Here’s one more tip: hire a contractor who knows how build user interfaces, and give them a month to just go over the line up and layout of all the various screens, and do mock ups for the refactoring of some of the more braindead wizard dialogs. The next build will just pick up the new layours, and the developers can then recode the wizards at a later date, based on the mock ups.
Having said that, here’s a couple of the changes in the most recent version of MYOB:
- You can now record leave information when you process the payroll. Well, they don’t say that you can only do that if you’re paying by the hour, not a salary.
- New tax table validity tests. In other words, when MYOB supply you with new tax tables, they now validate that data to make sure its valid. Umm… I’d probably want it fixed at the source, but maybe that’s just me.

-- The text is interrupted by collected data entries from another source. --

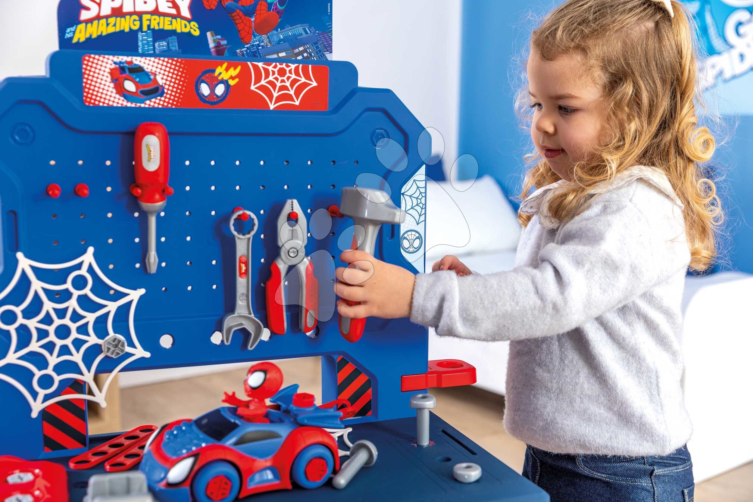Zadní panel stolku poslouží dětem k zavěšení pracovního nářadí, je vyzdoben obrázkem hrdiny Spidey. Pracovní stolek je vybaven také praktickými boxy, do kterých si děti uloží montážní dílky, otvory pro zatloukání hřebíků a pravítkem. Ve spodní části stolku je úložný prostor pro nářadí a doplňky. Pracovní dílna s motivem Spidermana ze studia Marvel připraví dětem spoustu radostných chvil se svým oblíbeným hrdinou.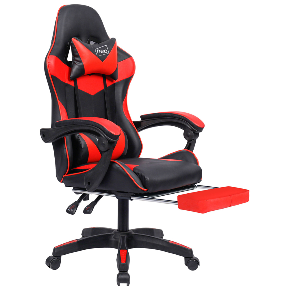 The deluxe Neo Leather Gaming Chair is made with high-quality PU leather with a built-in footrest. The Neo gaming chair combines multiple adjustable features, luxurious materials and Ergonomic design for comfort, with lumbar and headrest support. The Neo chair supports a new level of comfort for gaming, studying and the working office environment.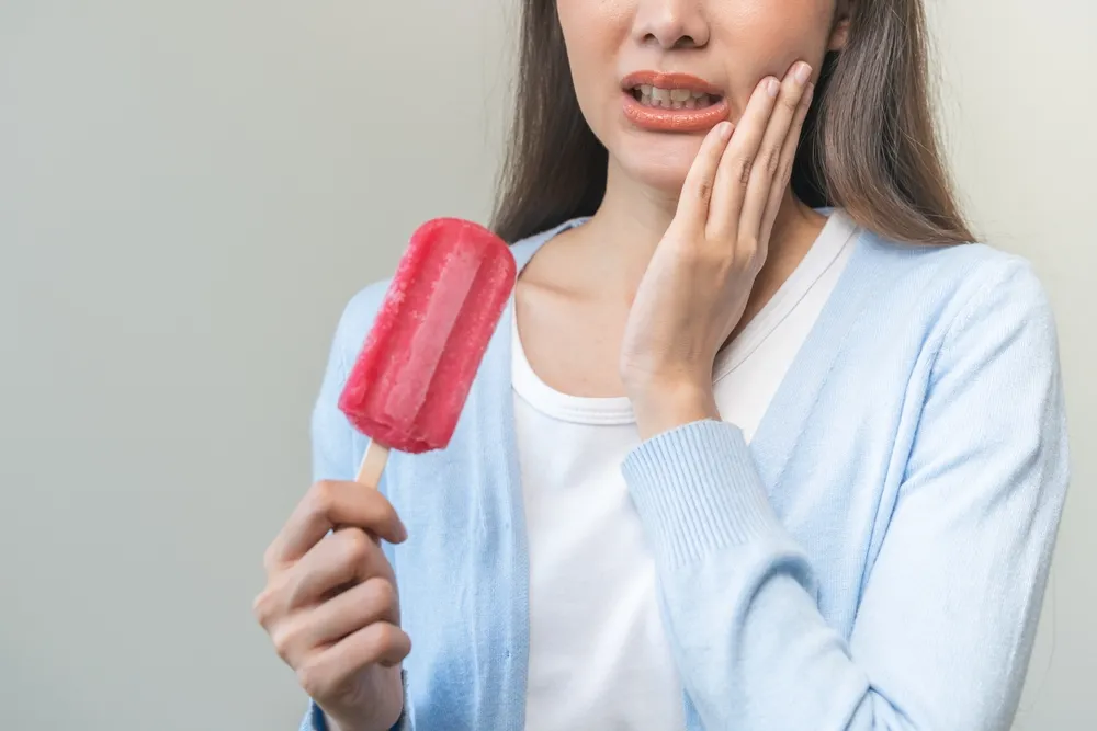 歯が折れると、内部の象牙質が露出したり、神経に近い部分まで刺激が伝わりやすくなったりします。そのため、冷たい飲み物や甘いものがしみる症状が出やすくなります。最初は軽い違和感でも、刺激が続くことで痛みが強くなることがあります。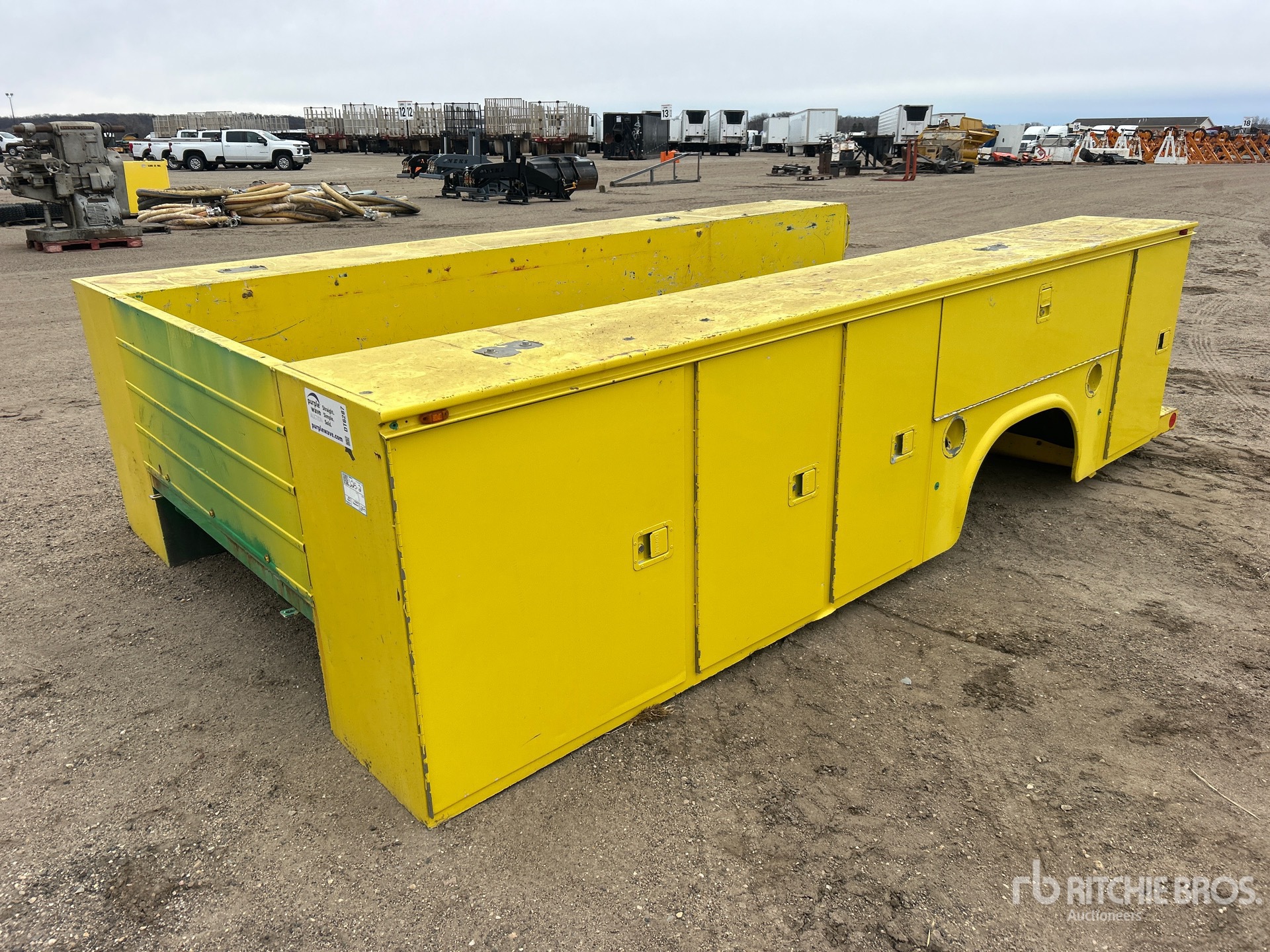 القياسات مُقدمة بشكل تقريبي فقط. قد تختلف الأبعاد الفعلية للحمولة بناءً على ارتفاع الشاحنة/المقطورة وتكوين/وضع الآلة المُحمَّلة. تقع على عاتق المشتري مسؤولية قياس جميع الأحمال قبل مغادرة موقع المزاد الخاص بنا لضمان أن الحمولة آمنة للنقل. يجب أن يتحقق المشتري من جميع القياسات. لا تعتمد على هذه القياسات لأغراض النقل.

I’m still seeking an adequate replacement for MYOB, preferably for the Mac, but I’ll survive with a Windows application if the developers are professionals. If you know of such a replacement, then please let me know.
This is just a mini rant about MYOB. I hate MYOB. I hate it with a passion.
I remember seeing a demo of the original version of MYOB back in the late 1980s at the Apple Users’ Group in Sydney. I remember clearly the guy saying that he’d written it himself, although a quick refresher course on Wikipedia seems to suggest otherwise. Being a hard core Apple IIer at the time, my mates and I thought strange name, but its still Mac shit as we rather affectionately called it.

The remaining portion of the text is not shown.